Psalm 6:3-4,8-9  My soul is in anguish. How long, O Lord, how long? Turn, O Lord , and deliver me; save me because of your unfailing love…for the Lord has heard my weeping. The Lord has heard my cry for mercy; the Lord accepts my prayer.

Psalm 13:1-2,5-6  How long, O Lord: Will you forget me forever? How long will you hide your face from me? How long must I wrestle with my thoughts and every day have sorrow in my heart? How long will my enemy triumph over me? …But I trust in your unfailing love; my heart rejoices in your salvation. I will sing to the Lord, for he has been good to me.

Psalm 9:9-10  The Lord is a refuge for the oppressed, a stronghold in times of trouble. Those who know your name will trust in you, for you, Lord, have never forsaken those who seek you. 

Psalm 10:17-18  You hear, O Lord, the desire of the afflicted; you encourage them, and you listen to their cry, defending the fatherless and the oppressed, in order that man, who is of the earth, may terrify no more.

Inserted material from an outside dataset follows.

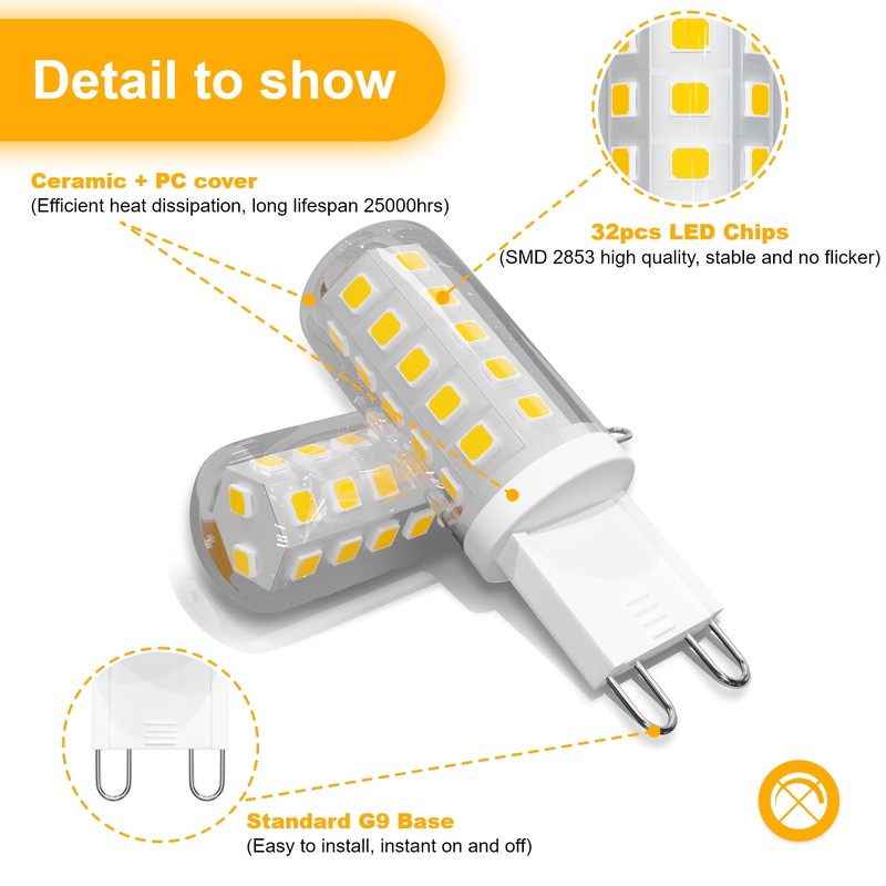 - [Einfache Installation]: Mit einer G9-Fassung ausgestattet, gew?hrleistet diese LED-Glhbirne eine einfache und schnelle Installation. Sie leuchtet sofort ohne Verz?gerung auf. Verwenden Sie sie nicht mit Dimmern, um Flimmern und Kurzschlsse zu vermeiden.

Psalm 18:16,19  He reached down from on high and took hold of me; he drew me out of deep waters…He brought me out into a spacious place; he rescued me because he delighted in me. 

Psalm 27:1  The Lord is my light and my salvation – whom shall I fear? The Lord is the stronghold of my life – of whom shall I be afraid?

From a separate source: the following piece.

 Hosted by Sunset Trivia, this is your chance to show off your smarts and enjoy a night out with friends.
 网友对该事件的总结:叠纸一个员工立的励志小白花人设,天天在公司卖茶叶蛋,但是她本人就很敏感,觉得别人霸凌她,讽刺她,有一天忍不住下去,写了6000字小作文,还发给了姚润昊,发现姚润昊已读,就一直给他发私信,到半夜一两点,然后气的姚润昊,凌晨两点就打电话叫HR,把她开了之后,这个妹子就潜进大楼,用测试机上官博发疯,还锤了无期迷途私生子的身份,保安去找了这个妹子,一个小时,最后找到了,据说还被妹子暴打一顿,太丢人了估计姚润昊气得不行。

Psalm 27:13-14  I am still confident of this: I will see the goodness of the Lord in the land of the living. Wait for the Lord; be strong and take heart and wait for the Lord.

Psalm 28:6-7  Praise be to the Lord, for he has heard my cry for mercy. The Lord is my strength and my shield; my heart trusts in him, and I am helped. My heart leaps for joy and I will give thanks to him in song.

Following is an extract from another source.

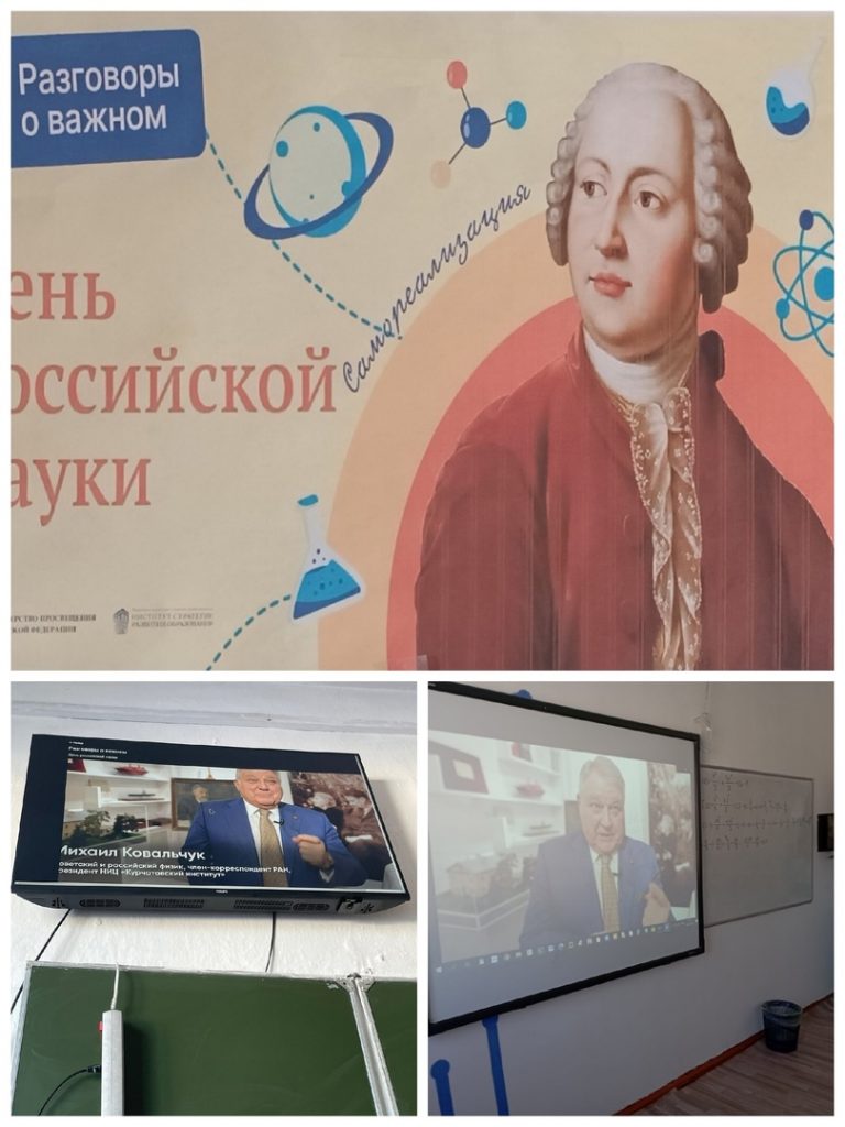 6 февраля 2023 года в школе прошло очередное занятие цикла «Разговоры о важном» посвященное Дню российской науки, который ежегодно отмечается 8 февраля. На занятиях познакомились великими российскими учёными, их открытиями, изобретениями. Общий охват 730 учащихся и 37 классных руководителей.

Psalm 30:5  …weeping may remain for a night, but rejoicing comes in the morning.

Psalm 37:7  Be still before the Lord, and wait patiently for Him…

Psalm 102:1-2  Hear my prayer, O Lord; let my cry for help come to you. Do not hide your face from me when I am in distress. Turn your ear to me; when I call, answer me quickly.

Psalm 31:24  Be strong and take heart, all you who hope in the Lord.

Psalm 34:14  Turn from evil and do good; seek peace and pursue it.